— Историю, — ответила она коротко и ясно, и в этом одном слове звучала тяжесть веков и сталь непреклонной воли.
Тан Лань до позднего вечера сидела, склонившись над древними свитками, в лучах тусклого света свечей. Её пальцы, изящные и упорные, водили по идеальным, чётким иероглифам, выведенным мастерами-каллиграфами, а глаза, широко раскрытые и жадно впитывающие каждую деталь, бегали по строкам, поглощая информацию с ненасытностью голодного зверя. Она впитывала всё: даты, имена, указы, придворные интриги — как губка, жаждущая влаги. В огромном зале Императорского архива царила гробовая тишина, нарушаемая лишь потрескиванием огня и тихим шуршанием бумаги. Остался лишь сам глава архива и пара самых младших, испуганных архивариусов, тихо копошившихся в дальних углах, боясь потревожить сосредоточенную госпожу.
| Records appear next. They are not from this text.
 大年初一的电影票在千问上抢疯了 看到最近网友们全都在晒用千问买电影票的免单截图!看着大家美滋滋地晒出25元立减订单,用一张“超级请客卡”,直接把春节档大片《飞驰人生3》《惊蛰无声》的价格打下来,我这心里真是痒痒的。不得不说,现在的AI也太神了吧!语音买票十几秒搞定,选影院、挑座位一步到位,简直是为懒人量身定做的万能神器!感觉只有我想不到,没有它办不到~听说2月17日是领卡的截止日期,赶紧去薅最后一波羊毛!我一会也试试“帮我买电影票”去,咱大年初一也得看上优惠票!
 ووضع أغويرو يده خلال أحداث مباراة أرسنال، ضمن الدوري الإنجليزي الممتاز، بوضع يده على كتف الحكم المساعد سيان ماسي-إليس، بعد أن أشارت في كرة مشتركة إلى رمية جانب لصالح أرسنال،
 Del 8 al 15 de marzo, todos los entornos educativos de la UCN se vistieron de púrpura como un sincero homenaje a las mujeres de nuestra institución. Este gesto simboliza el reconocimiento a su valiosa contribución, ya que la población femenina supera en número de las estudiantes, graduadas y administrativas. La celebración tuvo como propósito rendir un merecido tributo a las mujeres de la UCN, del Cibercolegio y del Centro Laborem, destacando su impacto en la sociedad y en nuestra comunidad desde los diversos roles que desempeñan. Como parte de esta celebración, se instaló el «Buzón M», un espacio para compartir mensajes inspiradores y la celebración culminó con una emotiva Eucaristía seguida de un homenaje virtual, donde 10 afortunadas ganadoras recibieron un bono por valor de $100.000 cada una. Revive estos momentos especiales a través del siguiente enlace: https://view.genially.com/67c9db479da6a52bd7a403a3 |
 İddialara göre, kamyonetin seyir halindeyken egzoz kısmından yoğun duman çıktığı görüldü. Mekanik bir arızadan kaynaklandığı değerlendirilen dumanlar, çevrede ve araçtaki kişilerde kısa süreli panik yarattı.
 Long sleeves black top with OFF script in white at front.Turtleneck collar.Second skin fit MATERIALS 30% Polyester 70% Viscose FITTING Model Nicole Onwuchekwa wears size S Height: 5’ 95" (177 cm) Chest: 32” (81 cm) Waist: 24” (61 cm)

Рядом, на низком табурете, подобранном специально для него, сидел Ван Широнг. Ох, каких нечеловеческих усилий стоило Тан Лань усадить упрямого стража на пятую точку! Она провела здесь, погружённая в изучение бумаг, уже много часов, и вид всё ещё ослабленного, бледного Ван Широнга, неподвижно стоявшего на посту, вызывал в ней острое, щемящее чувство сочувствия. Ни мягкие уговоры о том, что ему нужно отдохнуть, что он ещё не совсем оправился, ни взывание к рациональности — мол, стоять здесь нет никакого практического смысла, — не возымели действия. Его преданность была прочнее гранита. В итоге ей пришлось рявкнуть на него с ледяной повелительностью, от которой он вздрогнул: — Присядь. Это приказ.
Волшебные слова, работавшие в этом мире безотказно, как магическое заклинание. Он послушно, почти машинально, опустился на табурет, и с тех пор сидел недвижно, как изваяние, лишь его глаза внимательно следили за каждым движением в полумраке зала, а тело всё ещё было напряжено, готовое в любой миг вскочить на защиту.
Тан Лань зевнула, устало потирая переносицу над очередным сухим и невероятно скучным отчётом о сборе налогов за триста лет до её рождения. В этот момент к её столу бесшумно подошёл старший архивариус, его тень упала на пожелтевший свиток.
— Госпожа желает каких-то ещё знаний? — спросил он своим голосом, похожим на шелест страниц. — Или, быть может, утомилась?
Тан Лань отложила свиток в сторону. Её ум, острый и критичный, уже успел выхватить ключевую деталь из моря прочитанного.
— В исторических сводках значится, — начала она, обводя пальцем узор на столе, — что до восшествия на трон моего отца, Императора Тан Цзяньюя, Империей Цаньхуа на протяжении почти пяти сотен лет правила династия Цан. — Она подняла на него взгляд. — Но в этих документах о них сказано до обидного мало. Лишь нарочито страшные слова о том, что Цан были кланом демонов, продавших души тёмным силам, циничным и злым к простым людям. — Губы её искривились в лёгкой, скептической улыбке. — Род Тан же выставляется единственным спасением, божьим даром, низвергнувшим зло.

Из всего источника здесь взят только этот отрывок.